As such, keep in mind, this ain't no private, members-only Country Club. & it absolutely shouldn't be. This is one of the primary reasons I've invested of myself herein for as long as I have.
A quick tale: My wife and I are Presbyterian. There're numerous reasons for that, but one minute one is Presbyterians tend to not be crazy-ass or dumbasses (low intelligence). Earlier this year, a crazy couple showed up to our church (there're A LOT of crazy-ass / dumbass people in MS) and immediately began annoying the heck (accosting) out of anyone they were successful in making eye contact with. Eventually, they drifted away from the church as more and more Presbyterians would bolt whilst seeing them coming their way.
Samson Society has its proportional share (miniscule minority) of these folks. And it should. It's not a church (& certainly not a Presbyterian one). As such, you must learn to filter through these encounters whilst keeping a high-altitude / overarching perspective. In kind, you're going to need to brush past the tangential skirmishes that these men tend to provoke within the community itself (whilst absolutely refusing to get involved / passing judgement).
Another hint that works wonders for me:
Focus, focus, focus on the motive behind why you're truly here. And this leads me to point #2.
2. You must be a men's minister at heart. Firstly, for yourself and then for others. So, what does it mean to be a men's minister?
You must have a specific curiosity towards men that drives you forward. All manner of men (including the crazies). Young, middle-aged, old. Every demographic, race / creed and sexual orientation. As such, this curiosity will provide a never-ending drive towards discovering / engaging with men as Jesus exemplified within the gospels and as scripture alludes to as a whole.

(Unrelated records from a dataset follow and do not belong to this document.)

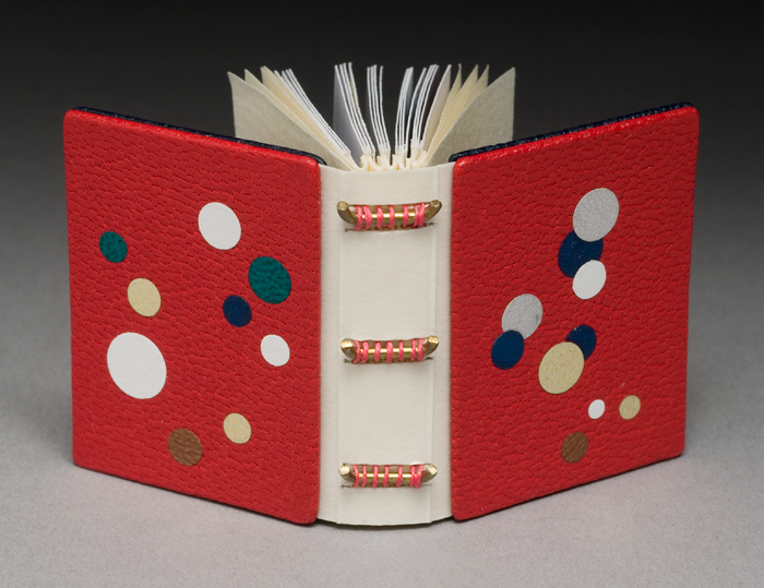 each copy has a unique binding. This copy is sewn in a long stitch through a kid vellum spine, incorporating bent brass rods as stiffeners. It features a
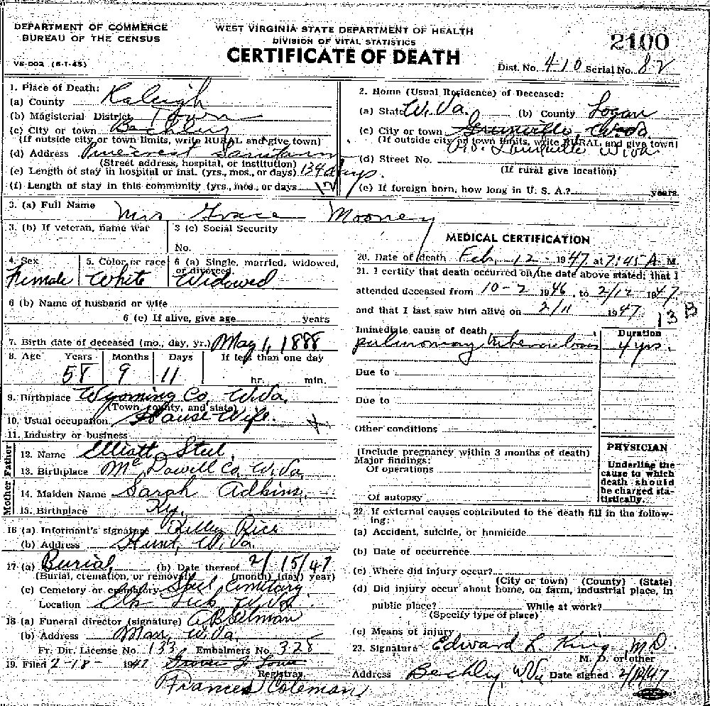 Buried: February 15, 1947 in Speel Cemetery, Elk Lick, Wyoming County, West Virginia. (Death Certificate.)
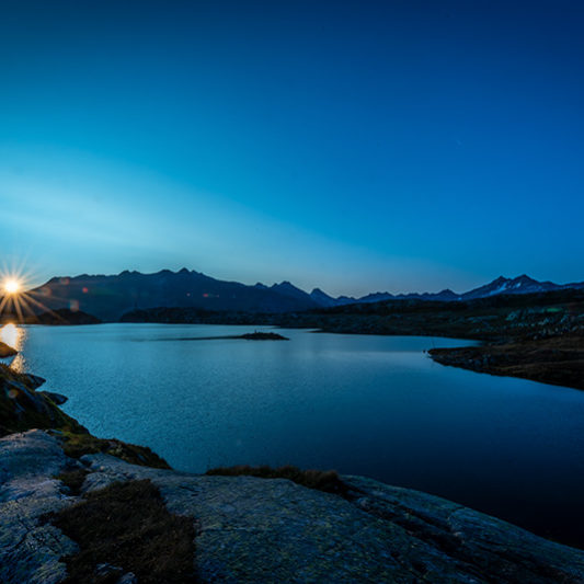 Morgenstimmung am Totensee. Frühmorgens taucht die aufgehende Sonne die Grimselpasshöhe in ein schönes und faszinierendes Licht.Mehr zu Landschaften

And you do this firstly FOR YOURSELF and your own recovery. Not to make lifelong friends or to pad your resume.
Men's ministers feed off other men, and in turn, they're shored up / buttressed in kind. How?
I find that first & foremost, it happens by forcing me out of my own head. Thereby, by marinating on other needs / stories, I can best manage my own (forced perspective).

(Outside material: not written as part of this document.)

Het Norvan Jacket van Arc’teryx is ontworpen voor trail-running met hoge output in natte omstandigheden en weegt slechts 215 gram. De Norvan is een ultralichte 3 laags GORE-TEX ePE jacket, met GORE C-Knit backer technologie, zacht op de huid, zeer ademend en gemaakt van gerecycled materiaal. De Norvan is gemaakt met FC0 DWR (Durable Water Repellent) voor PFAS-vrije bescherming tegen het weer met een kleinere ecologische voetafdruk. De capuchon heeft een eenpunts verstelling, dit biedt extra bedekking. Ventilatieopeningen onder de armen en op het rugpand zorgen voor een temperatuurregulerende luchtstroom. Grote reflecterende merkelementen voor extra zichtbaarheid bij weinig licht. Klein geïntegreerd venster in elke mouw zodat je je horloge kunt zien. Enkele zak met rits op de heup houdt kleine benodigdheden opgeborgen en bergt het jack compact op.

Is there anyone on planet Earth who's more "upstairs" than Rob? I doubt it. Blame it on me being an only child, I suppose. Each & every time, via my intentionality, Samson Society provides the opportunity for me to step out of the attic and into the sunlight.
In closing, Jesus made a point to tolerate the Judases and Peters, "sons of thunder" and so forth. And he did this without driving wedges / tipping his hand as to what his true feelings were for any and all individuals within that motley crue. Sure, he had his favorites, but those feelings were likely mutual.
In the end, he loved these men as the ultimate men's minister! Therefore, it's his example that we should follow as we continued forward along The Path.
Stay committed men. Samson Society needs your tenure.